> [Activity]
An exact restatement of the data is required, with the images omitted.

> [Data extract]
-------

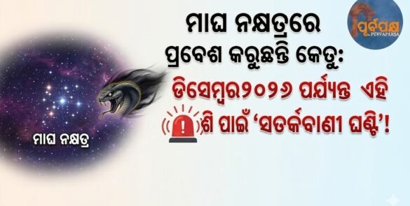 ବୈଦିକ ଜ୍ୟୋତିଷର ନୀତି ଅନୁସାରେ, ଛାୟା ଗ୍ରହ କେତୁ ଏପ୍ରିଲ ୨୦ତାରିଖରେ ମାଘ ନକ୍ଷତ୍ରରେ ପ୍ରବେଶ କରିଥିଲେ। କେତୁ ବର୍ତ୍ତମାନ ୫ଡିସେମ୍ବର ୨୦୨୬ ପର୍ଯ୍ୟନ୍ତ ଏହି ନକ୍ଷତ୍ରରେ ଅବସ୍ଥାନ କରିବେ। ଜ୍ୟୋତିଷମାନେ ବିଶ୍ୱାସ କରନ୍ତି ଯେ କେତୁଙ୍କ ଦ୍ୱାରା ନକ୍ଷତ୍ରରେ ଏହି ପରିବର୍ତ୍ତନ ଅନେକ ରାଶିର ଜୀବନରେ ହଠାତ୍ ଉତ୍ଥାନ-ପତନ, ମାନସିକ ଦ୍ୱନ୍ଦ୍ୱ ଏବଂ ଅପ୍ରତ୍ୟାଶିତ ଘଟଣା ଆଣିପାରେ। ବିଶେଷକରି, ଏହି ସମୟ ଚାରୋଟି ନିର୍ଦ୍ଦିଷ୍ଟ ରାଶି ପାଇଁ ସତର୍କତା ଅବଲମ୍ବନ କରିବାର ସମୟକୁ ସୂଚିତ କରେ। … Continue reading ମାଘ ନକ୍ଷତ୍ରରେ ପ୍ରବେଶ କରୁଛନ୍ତି କେତୁ: ଡିସେମ୍ବର୨୦୨୬ ପର୍ଯ୍ୟନ୍ତ ଏହି ୪ରାଶି ପାଇଁ ‘ସତର୍କବାଣୀ ଘଣ୍ଟି’! || Ketu is entering Magha Nakshatra: ‘Warning bell’ for these 4 zodiac signs till December 2026!
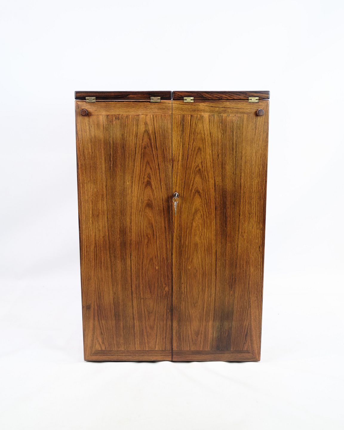 Please contact us for price informationA very rare and unique bar namely a "Captain's Bar". Craftsmanship of the highest quality executed and manufactured from Rosewood in collaboration with built-in Stelton ice cube trays. The bar has mounted wheels, which make it easy to move. Made by Dyrlund Møbler, which was founded in the 1960s and has had a great influence on Danish design furniture history.
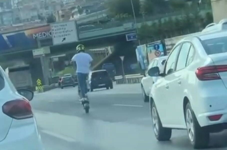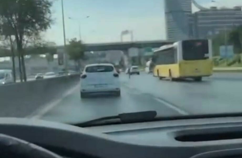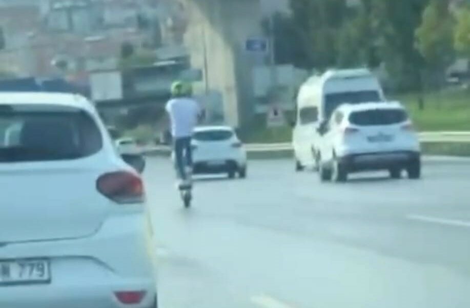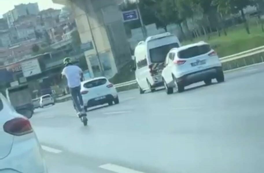 Üsküdar D-100’de tek teker giden Scooter sürücüsü kamerada

-------

> [Answer to the problem]
 ବୈଦିକ ଜ୍ୟୋତିଷର ନୀତି ଅନୁସାରେ, ଛାୟା ଗ୍ରହ କେତୁ ଏପ୍ରିଲ ୨୦ତାରିଖରେ ମାଘ ନକ୍ଷତ୍ରରେ ପ୍ରବେଶ କରିଥିଲେ। କେତୁ ବର୍ତ୍ତମାନ ୫ଡିସେମ୍ବର ୨୦୨୬ ପର୍ଯ୍ୟନ୍ତ ଏହି ନକ୍ଷତ୍ରରେ ଅବସ୍ଥାନ କରିବେ। ଜ୍ୟୋତିଷମାନେ ବିଶ୍ୱାସ କରନ୍ତି ଯେ କେତୁଙ୍କ ଦ୍ୱାରା ନକ୍ଷତ୍ରରେ ଏହି ପରିବର୍ତ୍ତନ ଅନେକ ରାଶିର ଜୀବନରେ ହଠାତ୍ ଉତ୍ଥାନ-ପତନ, ମାନସିକ ଦ୍ୱନ୍ଦ୍ୱ ଏବଂ ଅପ୍ରତ୍ୟାଶିତ ଘଟଣା ଆଣିପାରେ। ବିଶେଷକରି, ଏହି ସମୟ ଚାରୋଟି ନିର୍ଦ୍ଦିଷ୍ଟ ରାଶି ପାଇଁ ସତର୍କତା ଅବଲମ୍ବନ କରିବାର ସମୟକୁ ସୂଚିତ କରେ। … Continue reading ମାଘ ନକ୍ଷତ୍ରରେ ପ୍ରବେଶ କରୁଛନ୍ତି କେତୁ: ଡିସେମ୍ବର୨୦୨୬ ପର୍ଯ୍ୟନ୍ତ ଏହି ୪ରାଶି ପାଇଁ ‘ସତର୍କବାଣୀ ଘଣ୍ଟି’! || Ketu is entering Magha Nakshatra: ‘Warning bell’ for these 4 zodiac signs till December 2026!
 Please contact us for price informationA very rare and unique bar namely a "Captain's Bar". Craftsmanship of the highest quality executed and manufactured from Rosewood in collaboration with built-in Stelton ice cube trays. The bar has mounted wheels, which make it easy to move. Made by Dyrlund Møbler, which was founded in the 1960s and has had a great influence on Danish design furniture history.
 Üsküdar D-100’de tek teker giden Scooter sürücüsü kamerada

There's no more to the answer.